Распушил я их как следует, а у самого давление подскочило на двести двадцать и в ушах загудело, словно паровозный гудок, — не приведи бог! С прошлой среды гудит, не смолкает. Говорю я своей старухе:

— Поезд подошел!

— Какой поезд? — удивляется она.

— Не слышишь разве, — говорю, — паровоз гудит. На тот свет пора. Готовь чистую рубаху.

— У тебя давление, — говорит мне жена. — Позову доктора, он тебе его снизит.

— Незачем, — говорю, — его снижать! Пускай повышается, я свое отжил, хватит.

— Это почему же хватит? — уставилась она на меня.

— Потому что, — говорю, — партия мне простила и красную книжицу не отобрала, но дети мои мне не простят, что я в активных борцах не числюсь! И вина моя чем дальше, тем больше становиться будет. Внуков, правнуков будет прибавляться, а вина моя будет делаться все горше и горше, потому как один захочет директором стать, другой — дипломатом, третий — внешней торговлей заняться. Что тогда? Как я им в глаза буду смотреть?

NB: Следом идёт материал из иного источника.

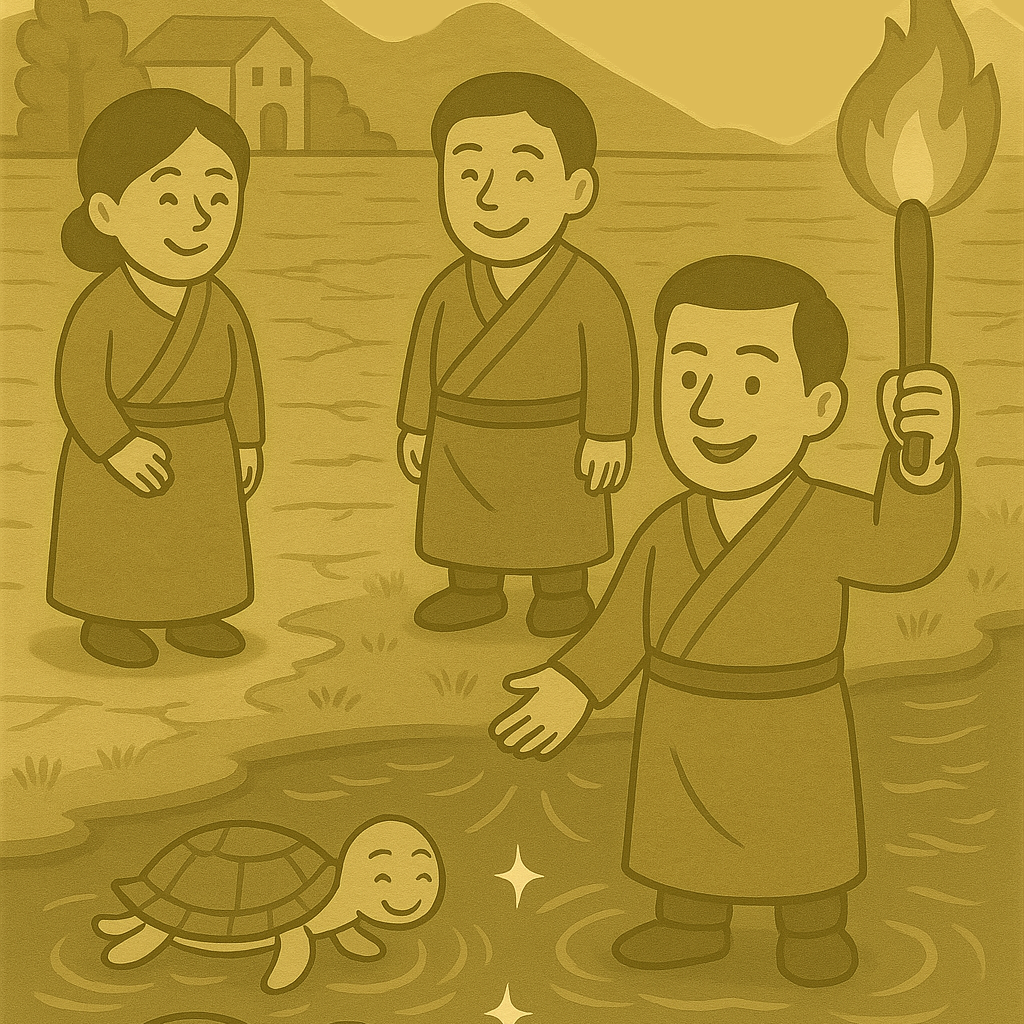 柴胡村民举起光亮的火炬,驱散沉闷的气息,让阳光洒满湖面。他的力量升阳解郁,湖水波光粼粼,百龟们精神焕发,重新自在地游动。

Куда денусь?

— Не убивайся ты! — говорит. — Не думай про это, выбрось из головы…

— А про что же мне думать прикажешь?

— Вспоминай про что-нибудь хорошее. Что тебе, кроме теперешнего, и подумать не о чем?

Доктор мне это советовал и ей, видно, то же самое сказал, и она, бедолага, этот же рецепт мне сует. Беспокоится, старая, нельзя ее не уважить.

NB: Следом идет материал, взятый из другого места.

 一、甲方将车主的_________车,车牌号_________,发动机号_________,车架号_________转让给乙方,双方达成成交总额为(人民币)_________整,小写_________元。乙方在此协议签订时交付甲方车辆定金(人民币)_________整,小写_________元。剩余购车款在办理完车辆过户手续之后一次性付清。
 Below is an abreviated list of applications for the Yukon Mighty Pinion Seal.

— Ладно! — говорю. — Давай хорошее вспоминать! С чего начнем?

— А с детства…

— Что же мне про детство вспомнить? Про вшей, что меня ели? Про то, как я три года прислуживал в корчме у Найдю Николова, два года батрачил в Крумово, один год в Козлуке и еще два года у Георгия Славова в Козаново? Кормил он нас одним хлебом и луком, и потому мы, трое батраков, устроили забастовку. Лозунг выдвинули: «Первое: заменить лук салом, и второе: не работать в воскресенье!» В самую жатву на неделю побросали серпы, и волей-неволей пришлось ему согласиться. Только и было хорошего за все те годы! А потом он подкупил одного из своих батраков, Дмитрием его звали, чтоб меня мотыгой по голове стукнул, когда мы на винограднике работать будем, но тот для храбрости хлебнул лишнего и попал мне не по голове, а по плечу. Только поэтому я и жив остался. Чтобы потом за мной козановский поп Георгий верхом на коне и с кинжалом в руке гонялся, потому, дескать, что из-за таких «сицилистов» и безбожников, как я, все градом побило и засухой пожгло.

— Нашел о чем вспоминать, — говорит мне жена. — Давай лучше поговорим про то, как люди дальше жить будут!

— Про что, например?

— Да про что хочешь.

— Поговорим тогда про машины! Что с людьми будет, когда машины начнут всю работу за них делать? Человек в труде развился и человеком стал, а машина, которую он выдумал, его не только в физическом, но и в умственном труде заменит… Если не всех людей, то большинство… А что люди без работы делать будут? Как будут развиваться? Станет ли тогда человек лучше?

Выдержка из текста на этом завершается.